I'll be flying from the USA to Copenhagen by Continental and return by SAS (United). Airlines appear to be tightening up restrictions on carry-on baggage which limits the gear that can be carried on-board in a camera bag. These two airlines list their carry-on limits as
Continental - 1 bag plus 1 personal item. Max combined linear measurement of bag (L+W+H) is 51 inches. Max weight is 40 lbs.
SAS - 1 bag plus 1 personal item. Bag not bigger than 9x14x22 or 45 linear inches. No specified weight limit.
I know that many short hops in Europe are more restrictive. Has anyone had problems on intercontinental flights with camera bags that meet these criteria?
I agree with Michael's comments but take a different route, I carry my laptop and load power packs etc into pockets, I guess it depends on the relative weights of your lenses and laptop.
Airlines are incredibly inconsistent for flights inside Europe (and I have made many hundreds of these over the past 20 years), notably strict are Air Lingus and BA, SAS and Air France seem generally more relaxed, although SAS do have a lot of older MD planes with relatively small bin space. Also on many of the less used routes even the largest airlines use planes (often small BAE149 and Bombadier jets) that cannot handle even modest bags in their lockers and then they often load the bags from the foot of the boarding steps to the hold and hand deliver them back to you on the tarmac when you land, so whilst this is miles better than normal baggage handling you need to be sure things are well packed and not rely on looking after the bags yourself.
One trick is to exploit any frequent flyer benefits you have to get lounge access, often passengers from the lounges take a slightly different route to the plane and are treated differently (more like business class) and can slip more/bigger bags on board. This works very well with One World and Star Allliance etc gold memership if you've got them and your travelling on a members flight. I've found even out of date gold tags on my bags tend to help getting them through some of the more anal staff in London (Heathrow is the worst airport for bossy ground staff).
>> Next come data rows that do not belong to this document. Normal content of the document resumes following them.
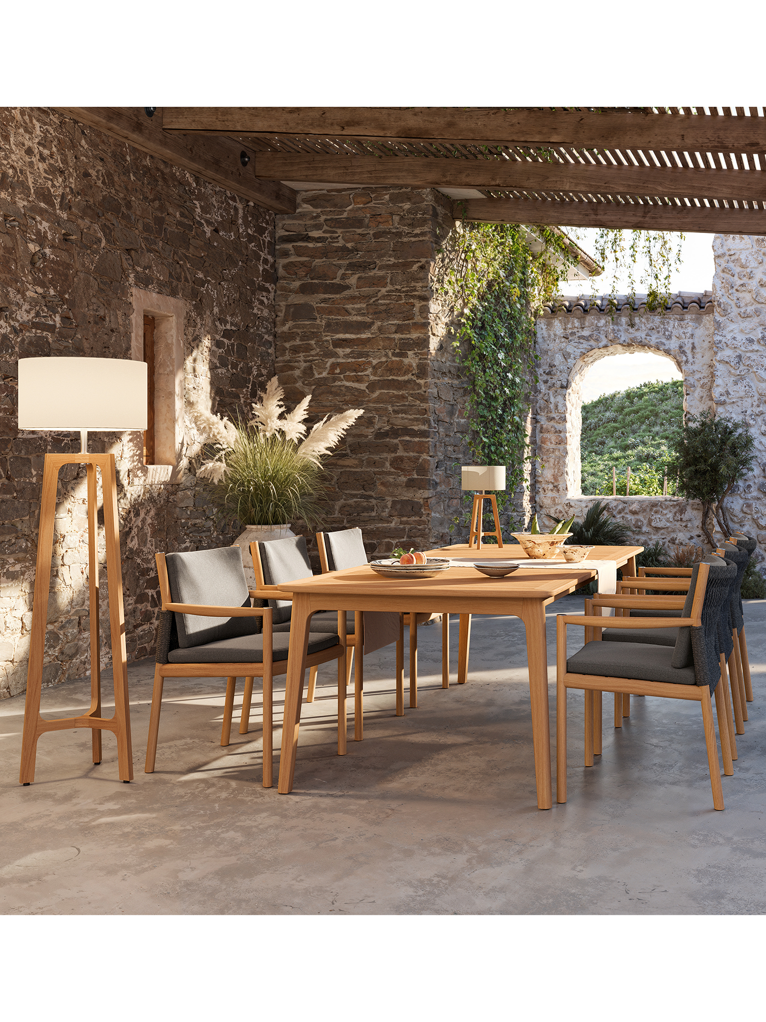 The combination of Cavo armchairs with the timeless Preston tables of the Garpa Collection, sustains the interplay of fine contrasts. The grey ceramic tabletops have a finely marbled grain and are set in teak frames. After dining, the Cavo armchairs can simply be pushed under the tabletops. The tables are available in two sizes, the larger of which can seat up to 8 persons.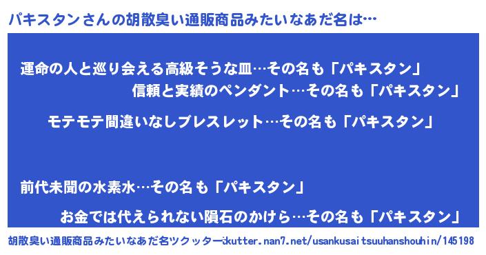 | 男性向けラノベタイトル風あだ名 | 『転生したらパキスタンだった件』 |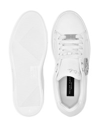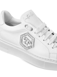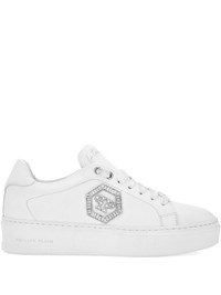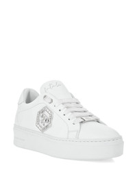 crystal-embellished low-top sneakers Highlights - White - Leather upper - Crystal-embellished logo - Lace-up fastening - Flat sole - Low-top design Made in Italy Composition Outer: Calf Leather 100%, Zinc 50%, glass 50% Lining: Sheepskin 100%, Calf Leather 100% Sole: Synthetic Rubber 100%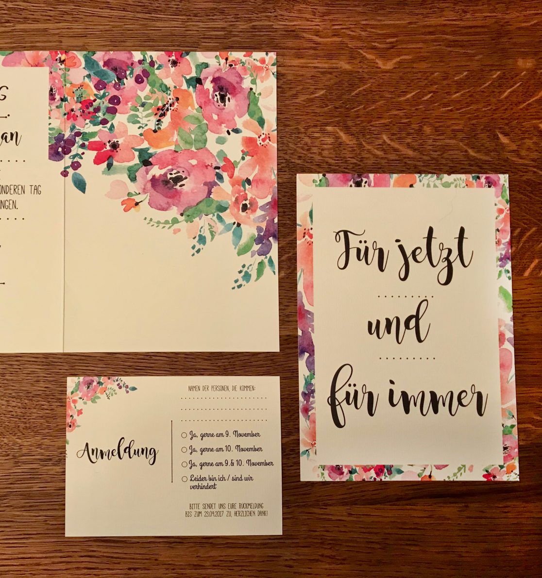 Speisekarten, zweierlei Einladungen und ein Antworten-Coupon zur jeweiligen Einladung durften erstellt werden.
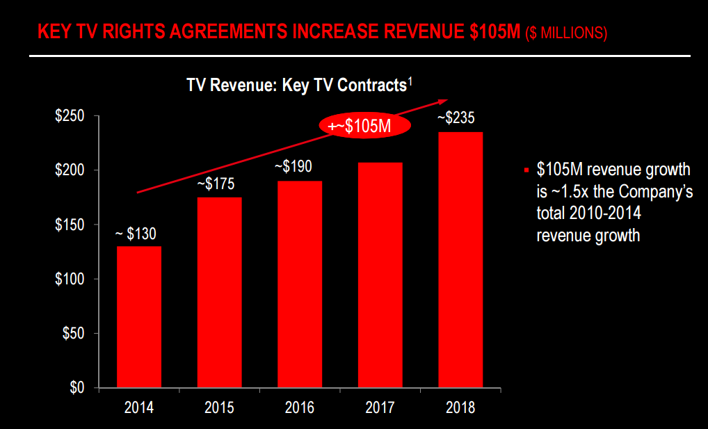For all of 2014, WWE earned $176.7M in television rights (which was 91% growth over where the company was in 2007). After just three quarters of 2015, WWE is already at $175.5M. WWE’s built-in escalators in the television contracts guarantees that the key agreements will continue to deliver more and more revenue for new programming through 2018/2019.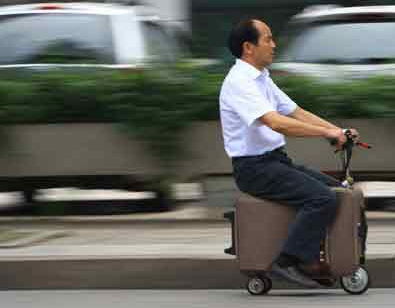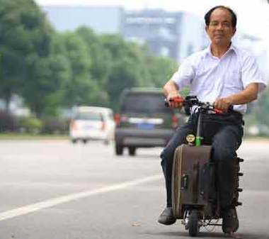 坐上行李箱,在手柄處旋動開關,“行李箱”就像電動摩托車一樣起跑……與普通行李箱相比,多功能行李箱多了個類似滑板的手柄,上面安裝了不少功能按鈕和旋動開關,下面著地的三個輪子同樣很小,電瓶就是一塊可充電的鋰電池,不占地方。賀亮才說,他發明的這款多功能行李箱,具有電動、導航、防盜、存物、載人的功能,輕便小巧,自身重約7公斤。

It's also key that you board as early as possible, once the bins are full the crew will force you to put anything that won't fit under the seat into the hold and I've found them far less easy to sweet talk than US flight crews. I always look ahead and if the bins look pretty full already I put my bags in the first space I find (usually in Business class) regardless of where I'm sitting (to do this more safely my bags are not obvious camera bags, just scruffy back packs or wheelie bags), of course if they unload from the back of the plane you're going to be last off ......
I'm sure you know most of this if you travel much but hope there's something here of help.